Homemade pizza is a regular event in our house, and I more than make do with a pizza stone trimmed down to fit in my 24-inch apartment-sized oven with a power drill sander attachment. It barely reaches 500 degrees, but still we crank out serious pizza. That said, a longstanding dream has been to build a wood-fired pizza oven.

I’ve cooked in many pizza ovens—a centuries’ old one in Tuscany, a family oven in Maine, and a few belonging to friends with larger back yards than my own—but last weekend was my first time cooking in one so new, it still smelled like mortar. I felt a strange sense of responsibility, as if my hands, and the scrape of my pizza peel were baptizing this holy structure.

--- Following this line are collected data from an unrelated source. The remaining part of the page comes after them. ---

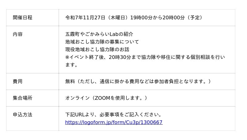「五霞町(ごかまち)」で人・事業者を繋ぐ地域活性化事業に取り組むメンバーを募集しています。11月27日(木)にオンライン説明会を開催します。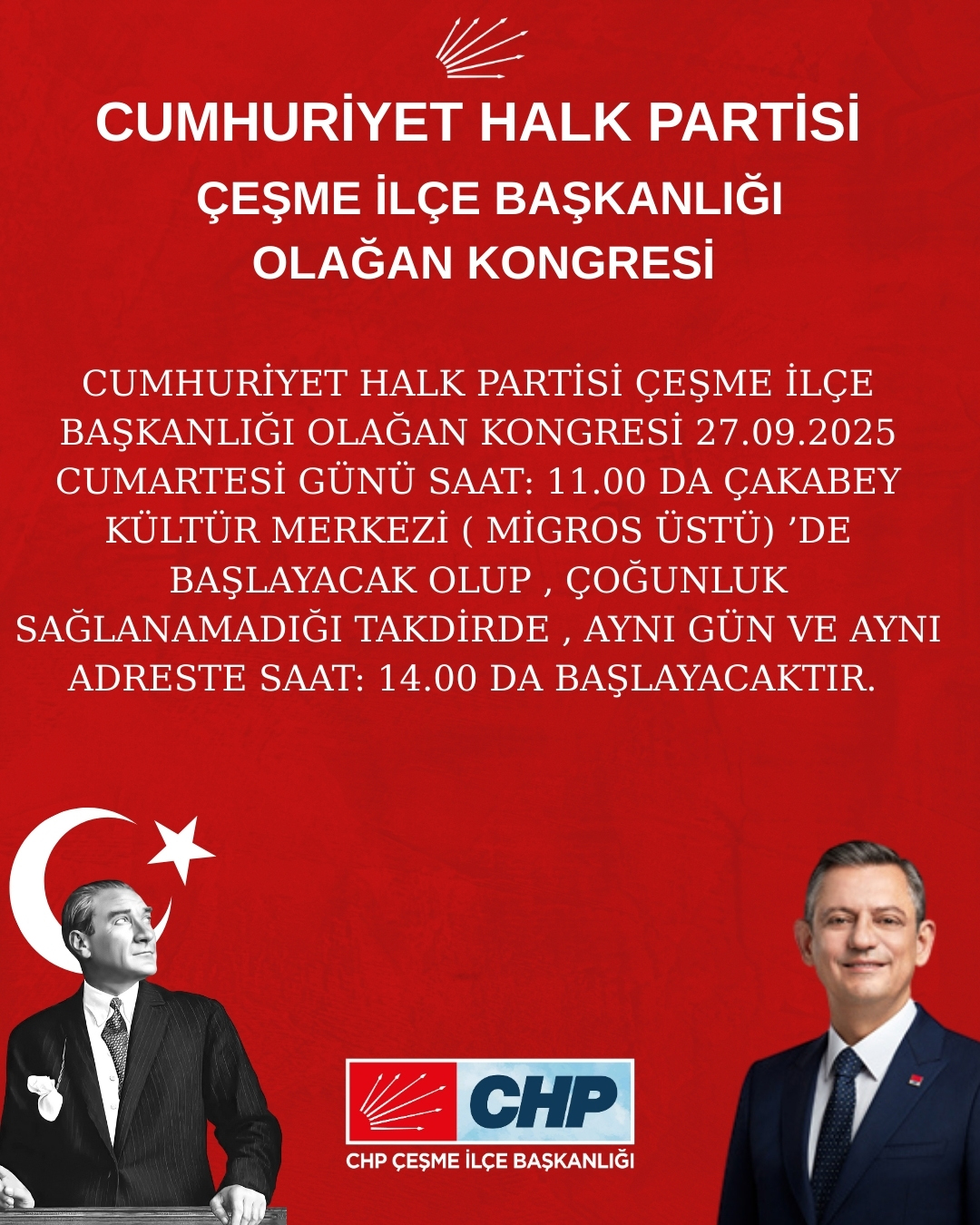 Cumhuriyet Halk Partisi Çeşme İlçe Başkanlığı Kongresi 27.09.2025 Cumartesi günü saat 11.00'de Çeşme Çakabey Kültür Merkezinde (Çeşme Migros üstü) yapılacak.
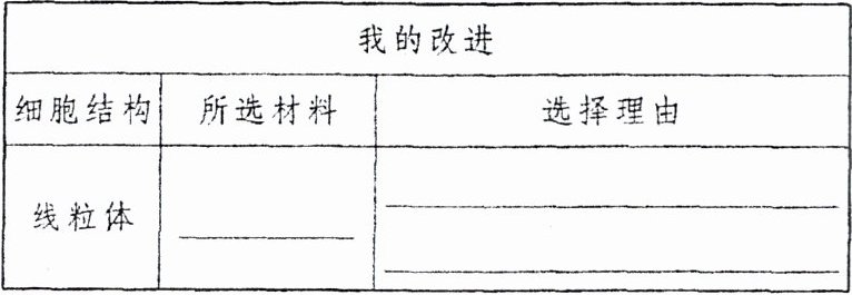 。(4) 有同学对小丽的作品提出了改进方案,他指出“用刷有绿色颜料的太阳能板作为叶绿体,可以类比叶绿体将光能转化为化学能的功能”,请你根据这一思路,提出能够展示线粒体功能的模型设计方案: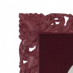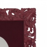Modern skull & crossbones wall mirror with Swarovski crystal embellishments, red velvet backing, and an ornate red filigree Louis XV-style frame. (THE QUICK AND THE DEAD-"Pirate Red No. 3", by GEOFFREY BRADFIELD) (Related items: BRA027, BRA028, BRA029)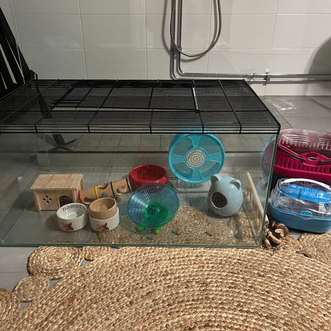 Obs! Hållaren till vattenflaska samt hjulet har lite skador. Buren är tejpad på ena sidan och det sitter fast lite bottenströ mellan plankan och glaset som går att få bort om man skruvar isär buren. Skriv för flera bilder.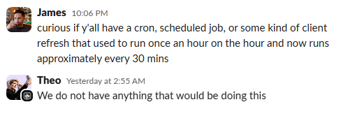 11a-12p: The thundering herd continued to just overwhelm the T3 Chat Convex deployment. We honestly could not figure out what was happening. We profiled the app and found several optimization opportunities to speed up the Convex engine. But even though each one made things run a little faster, and T3 Chat almost fully recovered despite the thundering herd, it never returned to equilibrium. In desperation, we prepared to block ranges of IPs at the traffic level to allow all the clients to finish syncing, forcing a kind of backoff + jitter.

This coming weekend is Molly O’Neill’s Longhouse Food Revival, a gathering of food thinkers, makers and writers. Molly and her team spent the last year converting an old barn into a state-of-the-art kitchen, including an outdoor spit and wood-fired oven. Last weekend she invited me up for a visit, and I ended up cooking pizzas for twelve people one night and seventeen the next. (I couldn’t send them out fast enough, and wondered how this weekend that oven will feed two hundred!)

Sweating and grinning in the dark in front of that oven with my assembly line of toppings and a raging 900 degree fire, I started thinking about culinary aspirations, the things we shoot for in our eating and cooking. There are behavioral and philosophical aspirations (eat more local and seasonal, say more blessings before meals, snack less) and there are material aspirations like my desire for a larger sink, or a pizza oven. All of them are about striving to cook more often, more comfortably, and with more skill and flavor and an overall hope for a better life.

Of course, you don’t need better stuff to cook better. But when you get a taste of something you don’t have—whether it be the Cadillac of pizza ovens, or a meal made entirely from local food—you start to feel the possibilities of making dreams reality.

What are your aspirations? What have you always wished for? What are you afraid to wish for out loud?